What to Know Before Visiting the Colombian Amazon

Colombian Amazon | © Eli Duke / Flickr
Colombian Amazon | © Eli Duke / Flickr
Photo of Chris Bell
26 February 2018

Colombia’s Amazon region makes up a vast percentage of the country. Almost a third of Colombia is made up of jungle regions, and the south of Colombia is crisscrossed by some of the most important rivers of Amazonia: the Putumayo, Caqueta, Orinoco, Apaporis, and, of course, the mighty Amazon itself. Visiting the Colombian Amazon is a rewarding experience, but there are some things you should be aware of before you go.

Be aware of the wet and dry seasons

The vast amounts of rain that fall on the Amazon for around half of every year can play a huge part in your travel experience there. Both seasons – the wet season is approximately January to June, and dry is usually the other half of the year – offer unique and amazing experiences but the nature of travel changes a lot. In wet season you will see fewer animals as they retreat to more distant, dry forest, but the wet season also offers the unique experience of kayaking through the treetops of flooded forests.

Exploring the Amazon flooded forest | © Eli Duke / Flickr

Pack plenty of bug spray!

Regardless of the season that you travel, the Amazon is home to plenty of bugs that love nothing more than to give you a good biting!
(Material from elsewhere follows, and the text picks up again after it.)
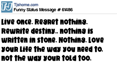 - # 67151 You only live once. Have fun, enjoy life to the fullest, do what you want and don't look back, smile, love somebody. live for the future, not the past. Life is too short to be p!ssed off all the time!

While it is annoyingly inevitable that some mosquitos and flies will manage to get a bite in, it’s possible to limit the annoyance with good bug spray (try for something natural) and even mosquito-proof clothing (most outdoor shops sell these products). And make sure to check that your camp or hotel has mosquito nets.

This bug won’t bite, but plenty of them do! | © Eli Duke / Flickr

There’s more to Colombia’s Amazon than Leticia

Leticia, the triple-border city on the frontier of Colombia, Peru, and Brazil, is generally acknowledged as the Amazon tourism destination in Colombia, but there’s a lot more to Colombia’s Amazon than just this Amazon River city. Guaviare region offers amazing nature and Indigenous cultures, birders will go crazy for Vaupes department, while Putumayo and Caqueta regions have stunning waterfall hikes and rafting trips.

Mocoa |  © Chris Bell / The Culture Trip

Choose your destination carefully

Following on from the previous point, make sure to read up on the various Amazon destinations in Colombia before you book any plane tickets – while Leticia has some well-established tourism to jungle lodges, those looking for a more unique and off-the-beaten-track experience may want to do some more research, as there are some incredible and barely-known places to discover in Colombia’s huge jungle region.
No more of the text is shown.